How difficult is it for an advisor to hire an
outside COO? "Just use your network, as Carol did," says Giddens. Which
was exactly what Homrich & Berg Inc. of Atlanta, Ga., did when it
sought out its COO, Mark Rogozinski. Says Andrew Berg, one of Homrich
& Berg's five principals, "Mark used to work with one of the
partners. We hired him from Lydian Wealth Management, where he was COO.

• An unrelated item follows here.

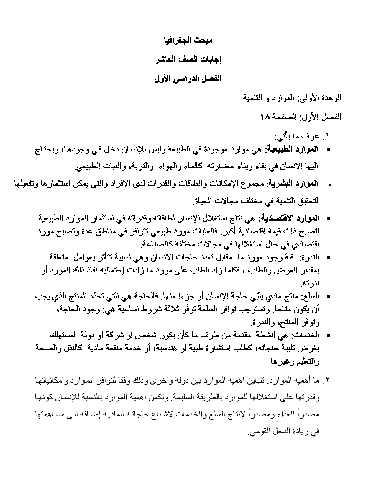 حل أسئلة الكتاب المدرسي لمادة الجغرافيا - الصف العاشر - الفصل الدراسي الاول والثاني ( جغرافيا )

He was happy at Lydian, but the fact that we're independently
owned-giving him an opportunity to acquire equity-was attractive to
him."
Berg's principals knew they needed help when the
five of them were getting bogged down with the firm's administrative
and management duties instead of dealing with clients. "Nor were we as
qualified to be doing some of those duties as a seasoned COO would be,"
says Berg.
Since his hiring in June 2005, Rogozinski has
relieved the principals of their admin duties. Reporting to Berg, he
handles compliance, marketing, client reporting and human resources for
the firm's 47 employees. Freeing up the principals to do what they do
best, the firm has added $400 million under management in the year and
a half since it hired Rogozinski.
Says Rogozinski, "I've worked on gaining the trust
and respect of the employees and, as part of that process,
understanding how the company functions, what our processes are and
where we're lacking. I apply what I've learned to what's going on here,
either to make it better or to maintain the status quo." Rogozinski
says nothing in the firm was really "broken" when he got there.
However, he's helped install new systems, including iRebal
(www.irebal.com) for asset rebalancing and Junxure (www.junxure.com)
for CRM, and he has moved forward the firm's paperless office
initiative.
His advice for hiring a COO from without? "Find
someone with both financial and operations skills, perhaps in a bank
trust department. Banks produce good operations people who usually
understand accounting and can transfer their skills from a bank to an
RIA."
And if you hire a COO who doesn't work out? "We'd
heard stories of people selecting the wrong person for COO," says
Roman. "We knew if we were wrong about Cheryl, we'd roll with the
punches and figure out a different solution."